Design: Retrospective cohort study.
Method: The data on all successive patients with falciparum malaria that were treated with artemether-lumefantrine in the Leiden University Medical Centre (n = 15) and the Bronovo Hospital (n = 6), the Netherlands, during the period from August 2003 to February 2006 were evaluated.
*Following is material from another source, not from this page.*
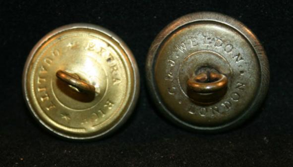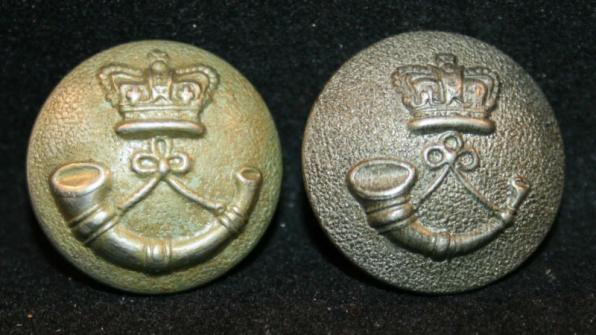 LIGHT INFANTRY Uniform Button Lot. Lot of 2. Both Victorian Crown over Horn. 1 - White metal, 23mm, EXTRA RICH maker. 1 - 23mm, gray pebbled coated, WELDON maker.

Results: Ten patients with uncomplicated falciparum malaria were treated exclusively with artemether-lumefantrine; time to parasitological clearance was less than 48 hrs in 5 out of 6 tested patients. The mean admission time was 1.3 days (95% CI: 0.7-1.9). 6 patients with non-severe falciparum malaria were initially treated with intravenous quinine because of vomiting; artemether-lumefantrine was started after an average of 0.9 days. Parasite clearance required more than 48 hrs in all patients. The mean admission time was 3.8 days (95% CI: 2.7-4.9). 5 patients had severe falciparum malaria. They received artemether-lumefantrine 4-24 hrs after starting quinine therapy. The parasite count was < 0.1% after an average of 1.5 days (95% CI: 0.3-2.7). The mean admission time was 4.2 days (95% CI: 2.2-5.2). The serum level of lumefantrine was > or = 500 microg/l (target value) in 9 out of 10 tested patients.
Conclusion: Treatment of falciparum malaria with artemether-lumefantrine according to a 5-day schedule resulted in a swift recovery and short admissions. No relapses were reported.